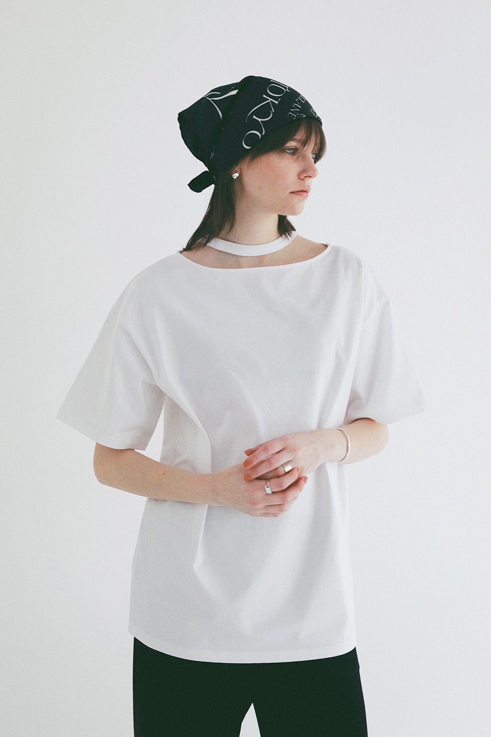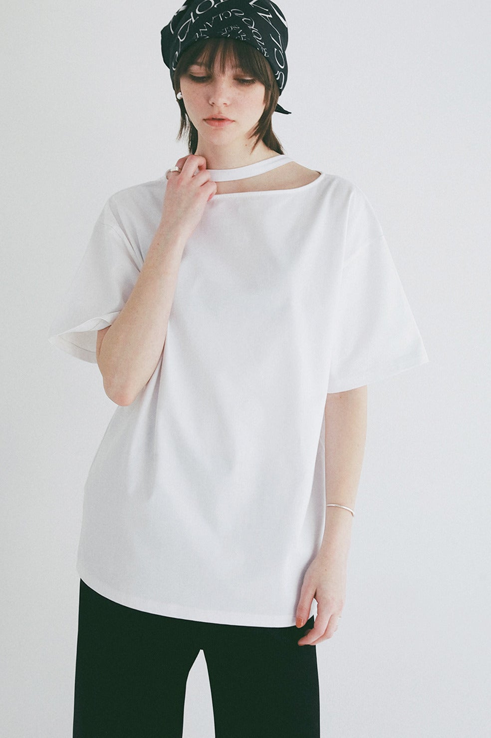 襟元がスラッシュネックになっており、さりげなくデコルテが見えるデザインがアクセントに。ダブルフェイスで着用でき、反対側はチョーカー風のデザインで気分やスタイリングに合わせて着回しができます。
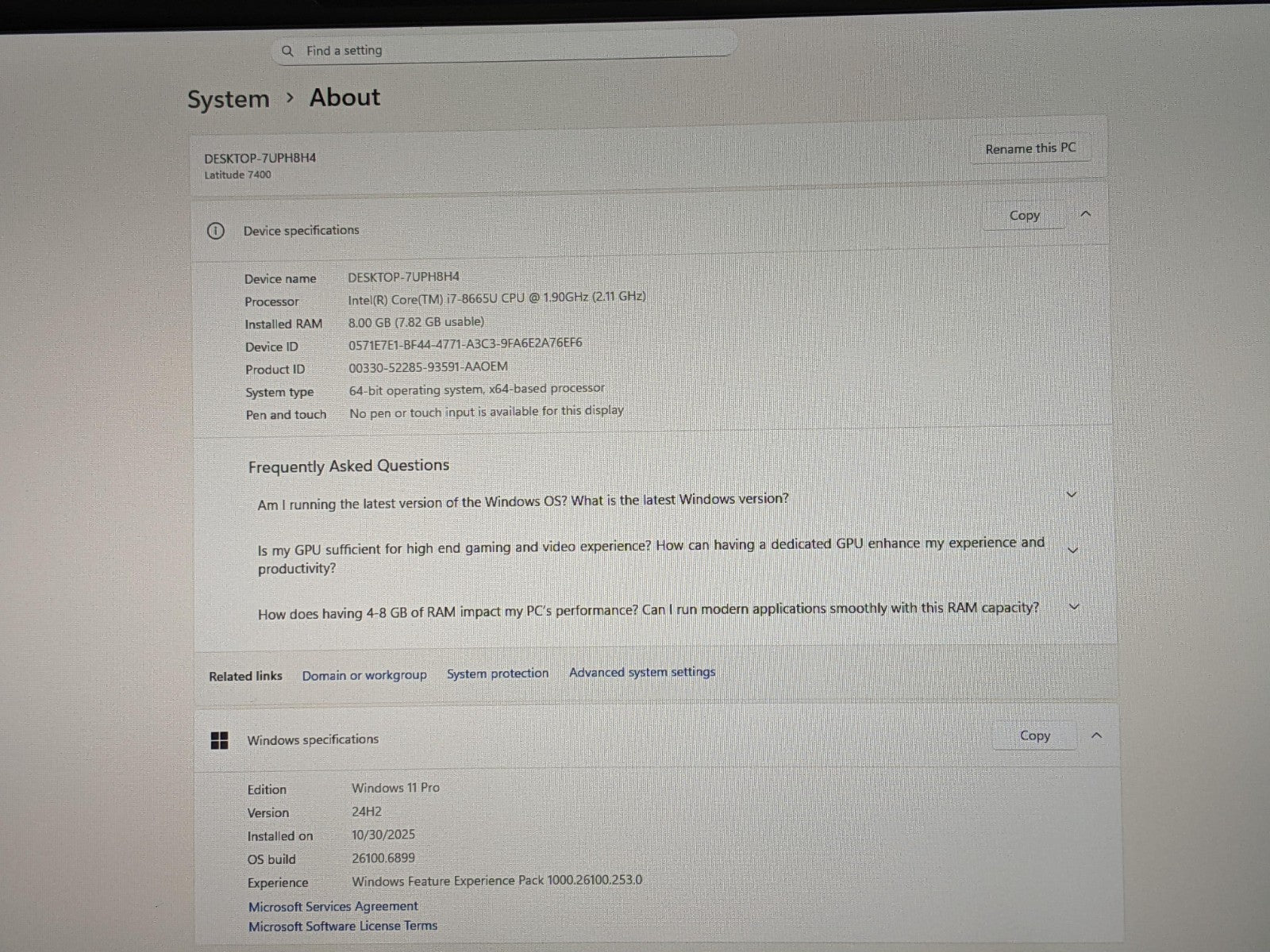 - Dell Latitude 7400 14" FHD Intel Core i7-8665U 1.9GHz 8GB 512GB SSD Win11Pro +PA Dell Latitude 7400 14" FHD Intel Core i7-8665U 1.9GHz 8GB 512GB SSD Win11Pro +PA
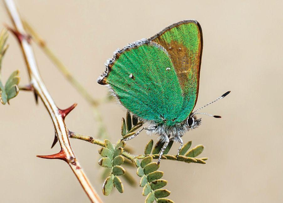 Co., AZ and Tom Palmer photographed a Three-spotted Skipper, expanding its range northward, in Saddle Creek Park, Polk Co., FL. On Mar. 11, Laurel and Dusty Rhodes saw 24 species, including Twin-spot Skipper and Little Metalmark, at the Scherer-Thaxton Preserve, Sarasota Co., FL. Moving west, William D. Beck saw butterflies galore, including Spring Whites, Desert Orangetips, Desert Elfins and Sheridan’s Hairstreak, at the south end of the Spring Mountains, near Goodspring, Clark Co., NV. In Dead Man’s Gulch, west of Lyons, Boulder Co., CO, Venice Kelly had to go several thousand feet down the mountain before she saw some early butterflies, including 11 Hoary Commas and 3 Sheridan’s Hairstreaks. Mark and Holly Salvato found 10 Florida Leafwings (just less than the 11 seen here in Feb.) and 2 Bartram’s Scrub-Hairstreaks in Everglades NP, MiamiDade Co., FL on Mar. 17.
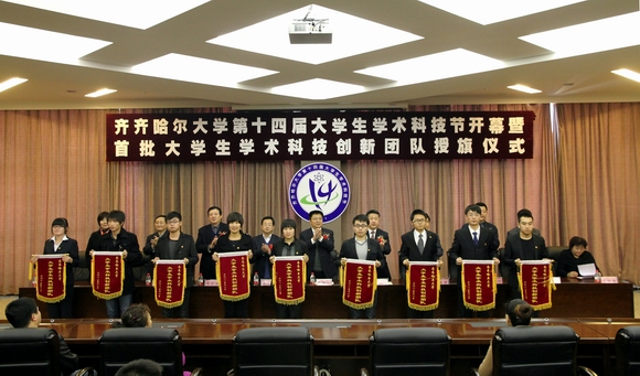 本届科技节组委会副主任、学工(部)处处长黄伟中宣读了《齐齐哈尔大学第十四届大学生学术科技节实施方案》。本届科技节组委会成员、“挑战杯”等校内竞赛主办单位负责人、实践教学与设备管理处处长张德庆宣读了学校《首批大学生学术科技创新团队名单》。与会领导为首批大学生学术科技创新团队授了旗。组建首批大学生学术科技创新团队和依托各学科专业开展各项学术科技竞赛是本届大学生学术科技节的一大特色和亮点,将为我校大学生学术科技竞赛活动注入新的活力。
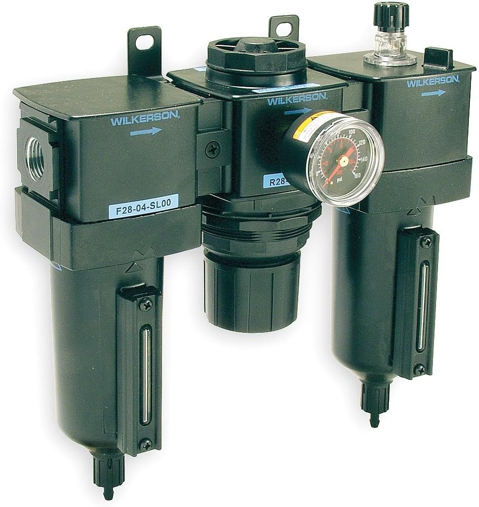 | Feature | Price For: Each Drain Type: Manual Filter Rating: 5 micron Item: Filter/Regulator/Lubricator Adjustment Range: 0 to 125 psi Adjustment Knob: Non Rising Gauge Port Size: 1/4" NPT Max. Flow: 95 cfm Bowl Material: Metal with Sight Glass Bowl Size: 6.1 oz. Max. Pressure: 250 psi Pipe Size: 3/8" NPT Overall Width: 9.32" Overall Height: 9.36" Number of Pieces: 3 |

-.-.-

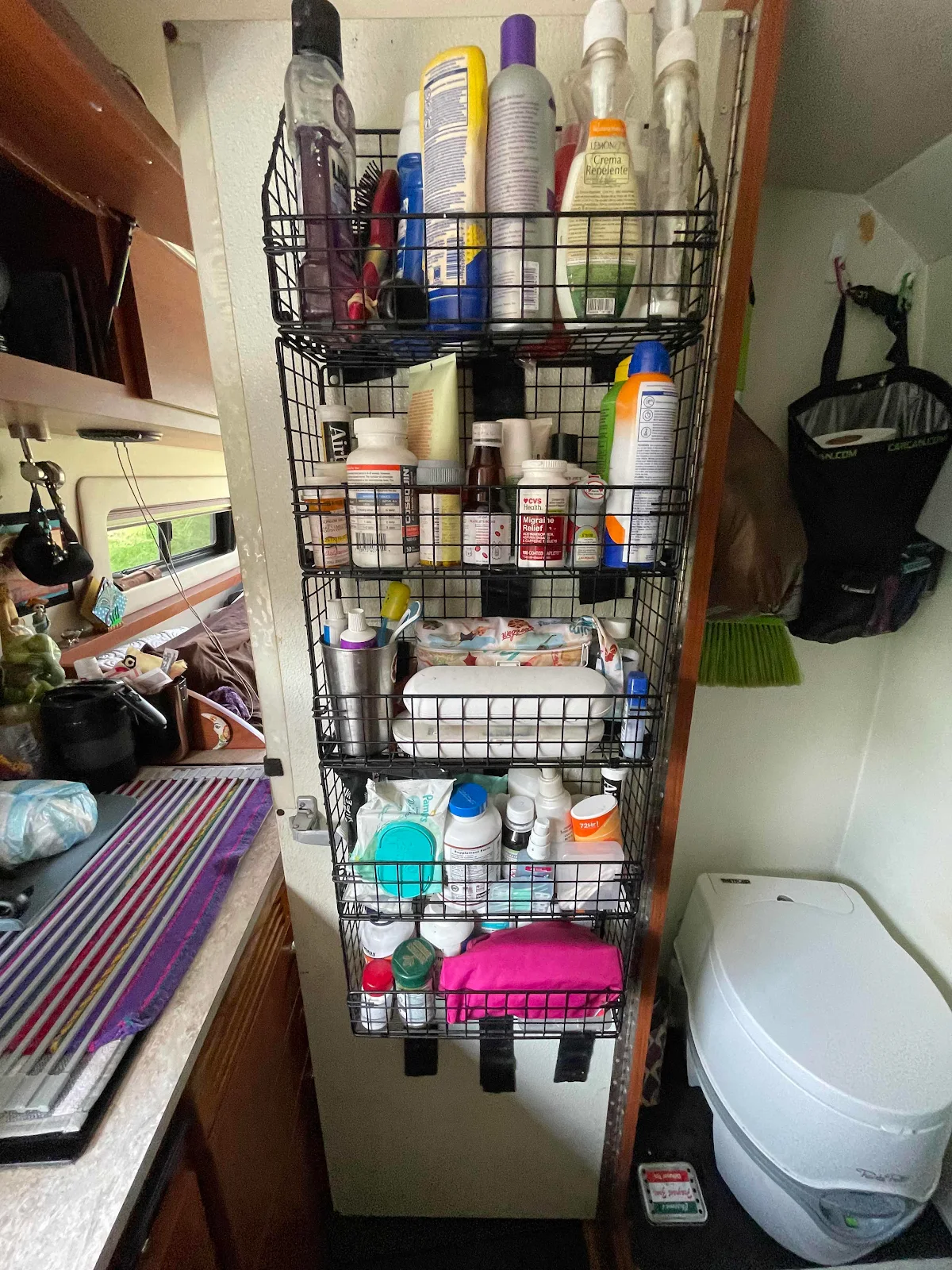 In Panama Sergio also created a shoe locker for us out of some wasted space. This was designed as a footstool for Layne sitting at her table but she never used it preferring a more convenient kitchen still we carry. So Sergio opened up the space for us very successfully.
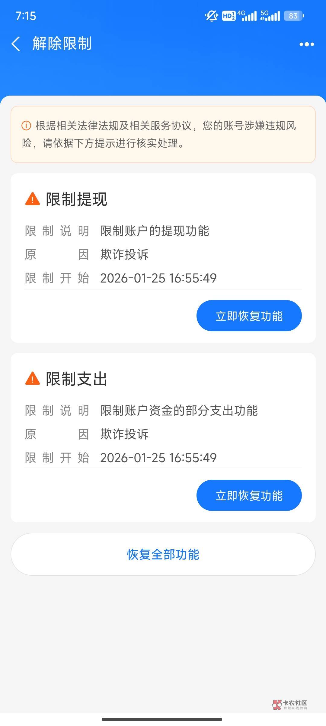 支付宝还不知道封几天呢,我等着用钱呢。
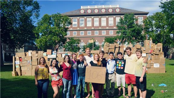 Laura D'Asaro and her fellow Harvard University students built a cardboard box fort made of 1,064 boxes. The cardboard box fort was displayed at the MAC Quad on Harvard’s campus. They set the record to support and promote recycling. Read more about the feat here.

-.-.-

Nothing outside the stretch above, from the line with "襟元がスラッシュネックになっ" through the line with "- Dell Latitude", is set down. Transcribe that stretch exactly, ends included, but not its pictures.

 襟元がスラッシュネックになっており、さりげなくデコルテが見えるデザインがアクセントに。ダブルフェイスで着用でき、反対側はチョーカー風のデザインで気分やスタイリングに合わせて着回しができます。
 - Dell Latitude 7400 14" FHD Intel Core i7-8665U 1.9GHz 8GB 512GB SSD Win11Pro +PA Dell Latitude 7400 14" FHD Intel Core i7-8665U 1.9GHz 8GB 512GB SSD Win11Pro +PA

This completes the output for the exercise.